Azure Table Storage looks like it could be nice, but from what I can tell, the big difference between Azure Table Storage and HBase is that HBase supports updating and reading values for a single property instead of the whole entity at once. I guess there must be some disadvantages to HBase however, but I'm not sure what they would be in this case.
I also think crate.io looks like it could be interesting, but I wonder if there might be unforseen problems.
Anyone have any other ideas of the advantages and disadvantages of the different databases in this case, and if any of them are really unsuited for some reason?
I currently work with Cassandra and I might help with a few pros and cons.
Requirements
Cassandra can easily handle those 3 requirements. It was designed to have fast reads and writes. In fact, Cassandra is blazing fast with writes, mostly because you can write without doing a read.
Also, Cassandra keeps some of its data in memory, so you could even avoid the secondary database.
Consistency
In Cassandra you choose the consistency in each query you make, therefore you can have consistent data if you want to. Normally you use:
ONE - Only one node has to get or accept the change. This means fast reads/writes, but low consistency (You can have other machine delivering the older information while consistency was not achieved).
QUORUM - 51% of your nodes must get or accept the change. This means not as fast reads and writes, but you get FULL consistency IF you use it in BOTH reads and writes.

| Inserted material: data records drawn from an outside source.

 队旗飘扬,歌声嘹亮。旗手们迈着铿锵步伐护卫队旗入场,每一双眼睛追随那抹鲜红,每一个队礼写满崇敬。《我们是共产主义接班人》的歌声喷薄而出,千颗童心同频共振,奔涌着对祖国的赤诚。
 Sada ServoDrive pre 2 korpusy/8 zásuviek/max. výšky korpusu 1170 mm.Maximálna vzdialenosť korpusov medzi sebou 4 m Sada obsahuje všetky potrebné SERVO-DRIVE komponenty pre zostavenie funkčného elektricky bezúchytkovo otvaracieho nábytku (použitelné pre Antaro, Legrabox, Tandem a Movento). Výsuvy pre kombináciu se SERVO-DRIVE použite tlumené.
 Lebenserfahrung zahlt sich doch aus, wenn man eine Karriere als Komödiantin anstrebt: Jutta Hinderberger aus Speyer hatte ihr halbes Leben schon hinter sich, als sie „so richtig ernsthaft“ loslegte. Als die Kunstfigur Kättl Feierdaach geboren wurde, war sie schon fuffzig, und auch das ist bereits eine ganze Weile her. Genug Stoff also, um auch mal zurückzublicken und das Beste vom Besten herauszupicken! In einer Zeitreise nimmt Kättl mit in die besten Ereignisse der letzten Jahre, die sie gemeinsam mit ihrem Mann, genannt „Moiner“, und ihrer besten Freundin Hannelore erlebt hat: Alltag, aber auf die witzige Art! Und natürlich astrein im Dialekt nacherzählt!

That's because if more than half of your nodes have your data after you inserted/updated/deleted, then, when reading from more than half your nodes, at least one node will have the most recent information, which would be the one to be delivered.

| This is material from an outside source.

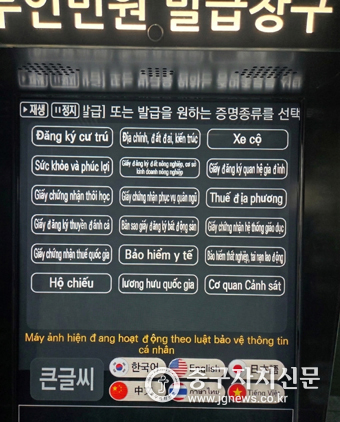 지원 언어는 영어, 중국어, 베트남어, 일본어, 태국어 등 5개 국어다. 초기 화면에서 원하는 언어를 선택하면 안내부터 발급까지 전 과정이 해당 국어로 전환돼, 타인의 도움 없이 43종의 서류를 손쉽게 발급받을 수 있다. 특히 시범 기기 두 대는 24시간 운영되어 야간과 주말에도 이용이 편리하다.

Both this options are the ones recommended because they avoid single points of failure. If all machines had to accept, if one node was down or busy, you wouldn't be able to query.
Pros
Cassandra is the solution for performance, linear scalability and avoid single points of failure (You can have machines down, the others will take the work). And it does most of its management work automatically. You don't need to manage the data distribution, replication, etc.
Cons
The downsides of Cassandra are in the modeling and queries.
With a relational database you model around the entities and the relationships between them. Normally you don't really care about what queries will be made and you work to normalize it.
With Cassandra the strategy is different. You model the tables to serve the queries. And that happens because you can't join and you can't filter the data any way you want (only by its primary key).
So if you have a database for a company with grocery stores and you want to make a query that returns all products of a certain store (Ex.: New York City), and another query to return all products of a certain department (Ex.: Computers), you would have two tables "ProductsByStore" and "ProductsByDepartment" with the same data, but organized differently to serve the query.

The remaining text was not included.